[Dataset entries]
○ ○ ○
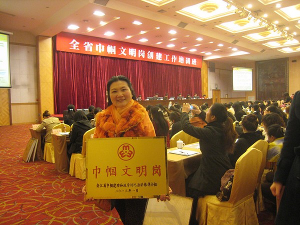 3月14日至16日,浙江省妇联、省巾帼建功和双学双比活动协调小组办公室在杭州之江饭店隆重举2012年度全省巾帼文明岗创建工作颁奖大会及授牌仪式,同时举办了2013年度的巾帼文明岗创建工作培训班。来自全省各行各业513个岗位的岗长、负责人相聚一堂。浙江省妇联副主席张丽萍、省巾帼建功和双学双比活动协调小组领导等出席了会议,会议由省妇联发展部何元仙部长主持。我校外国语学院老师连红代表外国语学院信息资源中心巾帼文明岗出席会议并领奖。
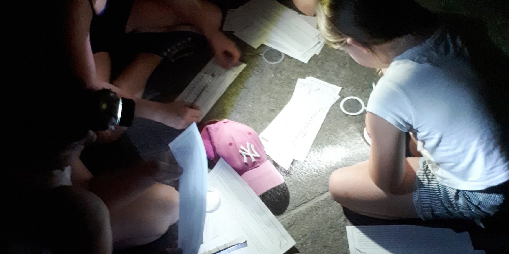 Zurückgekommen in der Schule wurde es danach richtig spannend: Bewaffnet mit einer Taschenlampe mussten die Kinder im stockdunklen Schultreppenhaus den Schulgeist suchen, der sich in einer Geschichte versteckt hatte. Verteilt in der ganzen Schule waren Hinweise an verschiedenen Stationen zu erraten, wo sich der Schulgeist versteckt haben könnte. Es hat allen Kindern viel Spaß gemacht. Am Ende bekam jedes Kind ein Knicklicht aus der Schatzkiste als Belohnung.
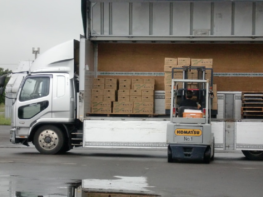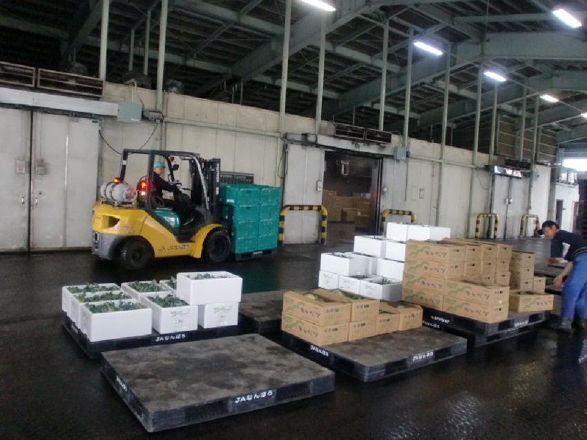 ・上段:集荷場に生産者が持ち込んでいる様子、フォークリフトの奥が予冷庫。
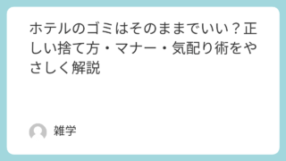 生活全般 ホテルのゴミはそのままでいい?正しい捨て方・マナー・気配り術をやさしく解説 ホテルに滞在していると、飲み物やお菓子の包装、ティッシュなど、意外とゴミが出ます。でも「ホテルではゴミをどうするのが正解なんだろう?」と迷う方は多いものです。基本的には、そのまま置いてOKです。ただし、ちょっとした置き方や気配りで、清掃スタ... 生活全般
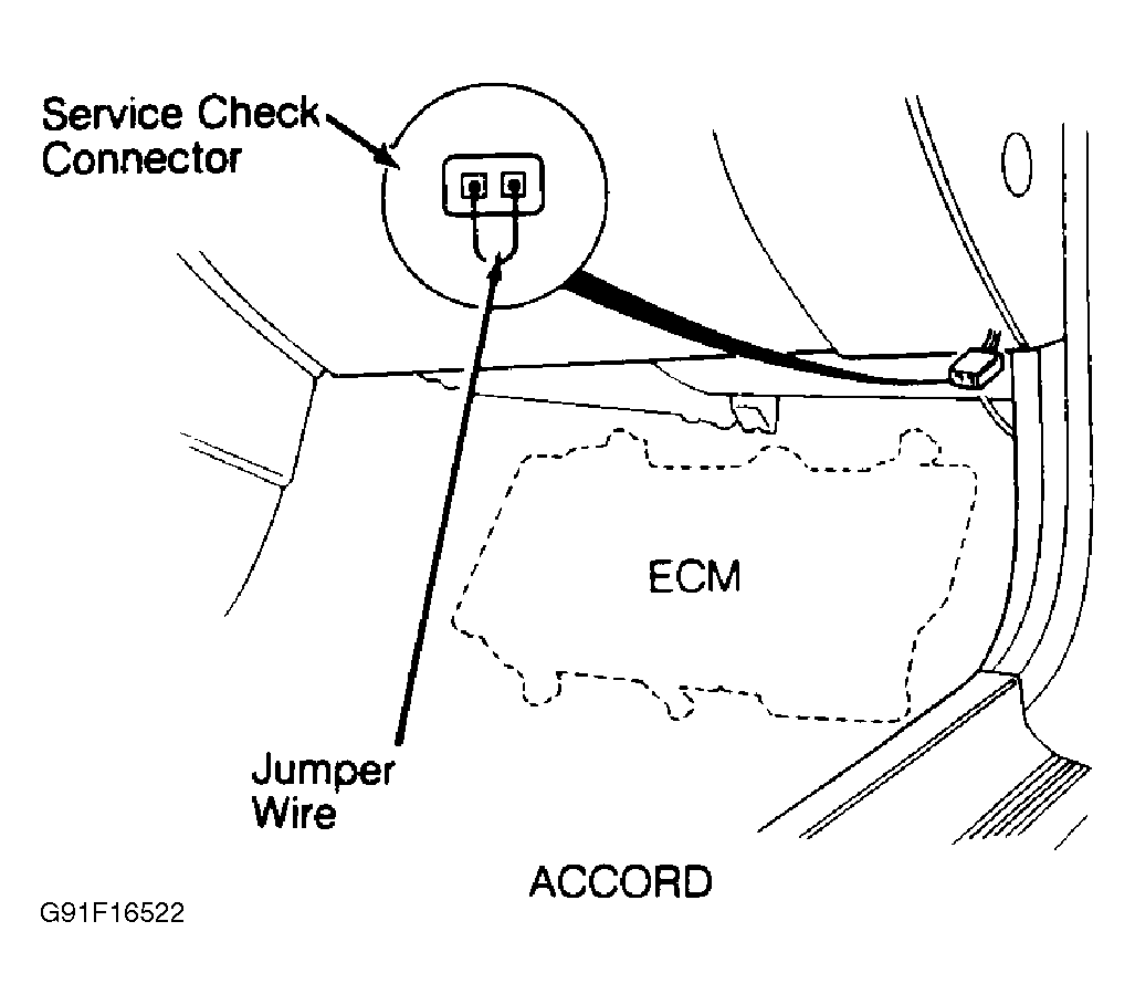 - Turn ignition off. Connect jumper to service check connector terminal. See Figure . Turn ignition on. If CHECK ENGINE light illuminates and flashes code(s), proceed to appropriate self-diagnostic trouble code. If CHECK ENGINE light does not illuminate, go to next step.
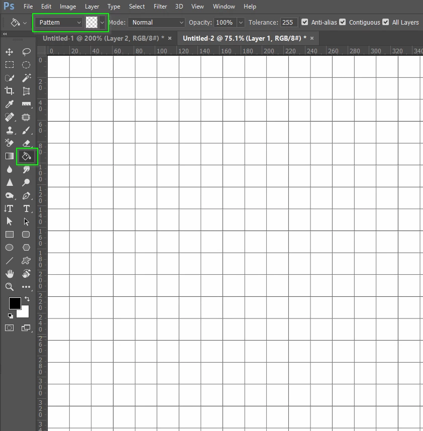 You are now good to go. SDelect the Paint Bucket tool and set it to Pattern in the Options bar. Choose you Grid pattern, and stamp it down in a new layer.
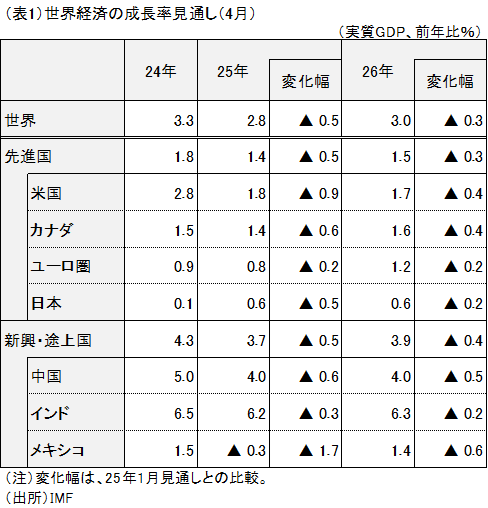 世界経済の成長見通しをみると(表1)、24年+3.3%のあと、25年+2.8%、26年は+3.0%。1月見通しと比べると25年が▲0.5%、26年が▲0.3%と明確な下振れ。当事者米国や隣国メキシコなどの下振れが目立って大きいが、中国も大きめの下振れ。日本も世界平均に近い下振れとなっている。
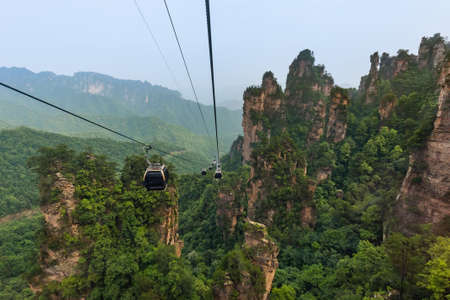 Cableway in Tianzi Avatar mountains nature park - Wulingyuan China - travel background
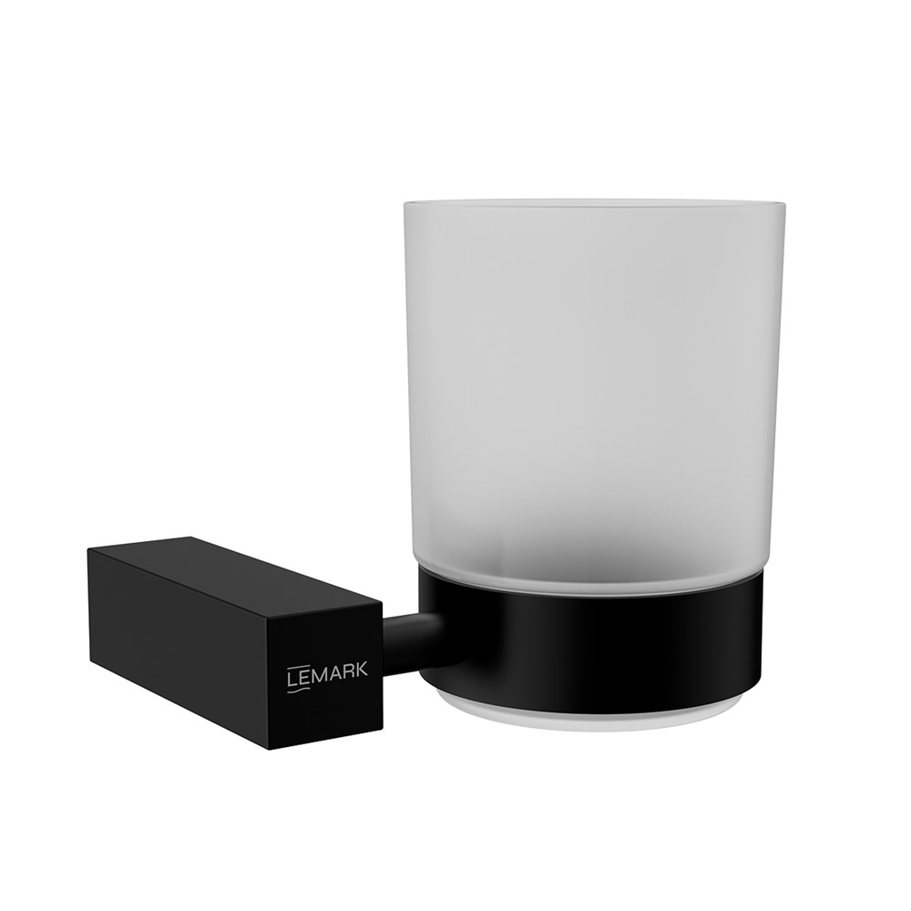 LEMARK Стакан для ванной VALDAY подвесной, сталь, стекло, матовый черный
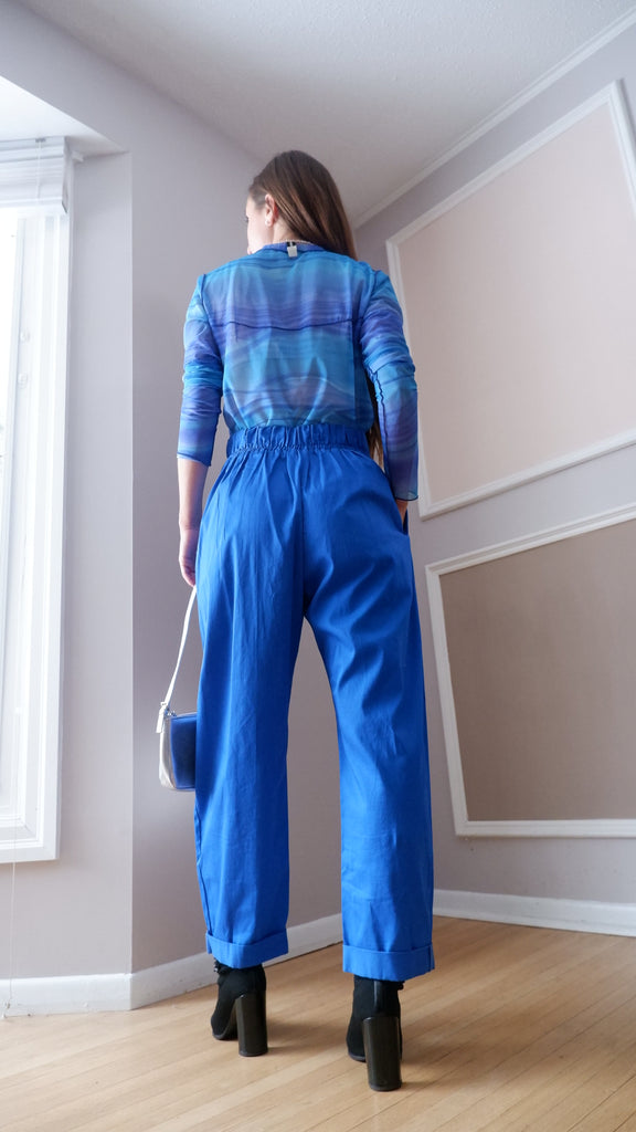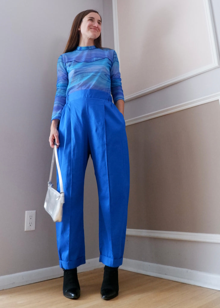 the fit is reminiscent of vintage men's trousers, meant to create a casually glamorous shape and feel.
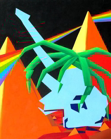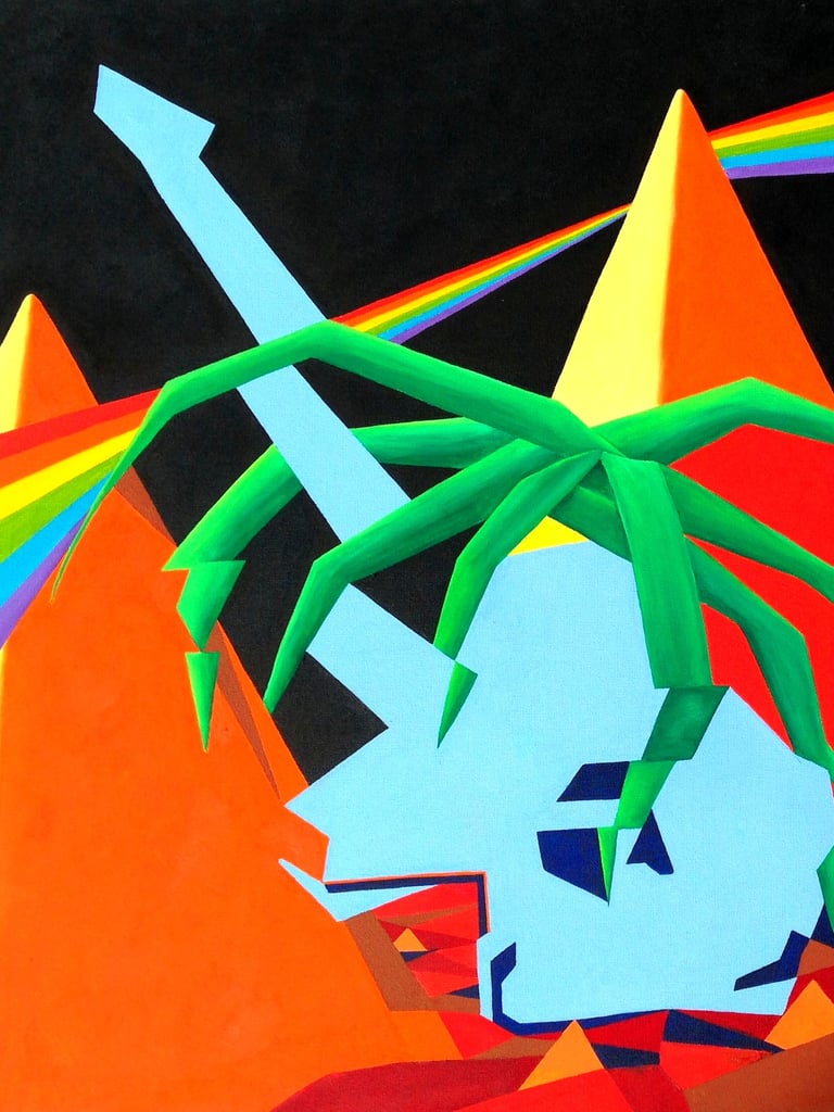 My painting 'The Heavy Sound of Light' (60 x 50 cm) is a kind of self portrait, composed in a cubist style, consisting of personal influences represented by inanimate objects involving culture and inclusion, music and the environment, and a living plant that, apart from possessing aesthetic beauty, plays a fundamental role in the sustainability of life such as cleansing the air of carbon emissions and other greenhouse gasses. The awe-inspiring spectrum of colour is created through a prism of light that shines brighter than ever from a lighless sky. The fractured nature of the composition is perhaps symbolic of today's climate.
○ ○ ○
• [What to produce] Would you return the data exactly as written, without the pictures?

• [Solved exercise]
 3月14日至16日,浙江省妇联、省巾帼建功和双学双比活动协调小组办公室在杭州之江饭店隆重举2012年度全省巾帼文明岗创建工作颁奖大会及授牌仪式,同时举办了2013年度的巾帼文明岗创建工作培训班。来自全省各行各业513个岗位的岗长、负责人相聚一堂。浙江省妇联副主席张丽萍、省巾帼建功和双学双比活动协调小组领导等出席了会议,会议由省妇联发展部何元仙部长主持。我校外国语学院老师连红代表外国语学院信息资源中心巾帼文明岗出席会议并领奖。
 Zurückgekommen in der Schule wurde es danach richtig spannend: Bewaffnet mit einer Taschenlampe mussten die Kinder im stockdunklen Schultreppenhaus den Schulgeist suchen, der sich in einer Geschichte versteckt hatte. Verteilt in der ganzen Schule waren Hinweise an verschiedenen Stationen zu erraten, wo sich der Schulgeist versteckt haben könnte. Es hat allen Kindern viel Spaß gemacht. Am Ende bekam jedes Kind ein Knicklicht aus der Schatzkiste als Belohnung.
 ・上段:集荷場に生産者が持ち込んでいる様子、フォークリフトの奥が予冷庫。
 生活全般 ホテルのゴミはそのままでいい?正しい捨て方・マナー・気配り術をやさしく解説 ホテルに滞在していると、飲み物やお菓子の包装、ティッシュなど、意外とゴミが出ます。でも「ホテルではゴミをどうするのが正解なんだろう?」と迷う方は多いものです。基本的には、そのまま置いてOKです。ただし、ちょっとした置き方や気配りで、清掃スタ... 生活全般
 - Turn ignition off. Connect jumper to service check connector terminal. See Figure . Turn ignition on. If CHECK ENGINE light illuminates and flashes code(s), proceed to appropriate self-diagnostic trouble code. If CHECK ENGINE light does not illuminate, go to next step.
 You are now good to go. SDelect the Paint Bucket tool and set it to Pattern in the Options bar. Choose you Grid pattern, and stamp it down in a new layer.
 世界経済の成長見通しをみると(表1)、24年+3.3%のあと、25年+2.8%、26年は+3.0%。1月見通しと比べると25年が▲0.5%、26年が▲0.3%と明確な下振れ。当事者米国や隣国メキシコなどの下振れが目立って大きいが、中国も大きめの下振れ。日本も世界平均に近い下振れとなっている。
 Cableway in Tianzi Avatar mountains nature park - Wulingyuan China - travel background
 LEMARK Стакан для ванной VALDAY подвесной, сталь, стекло, матовый черный
 the fit is reminiscent of vintage men's trousers, meant to create a casually glamorous shape and feel.
 My painting 'The Heavy Sound of Light' (60 x 50 cm) is a kind of self portrait, composed in a cubist style, consisting of personal influences represented by inanimate objects involving culture and inclusion, music and the environment, and a living plant that, apart from possessing aesthetic beauty, plays a fundamental role in the sustainability of life such as cleansing the air of carbon emissions and other greenhouse gasses. The awe-inspiring spectrum of colour is created through a prism of light that shines brighter than ever from a lighless sky. The fractured nature of the composition is perhaps symbolic of today's climate.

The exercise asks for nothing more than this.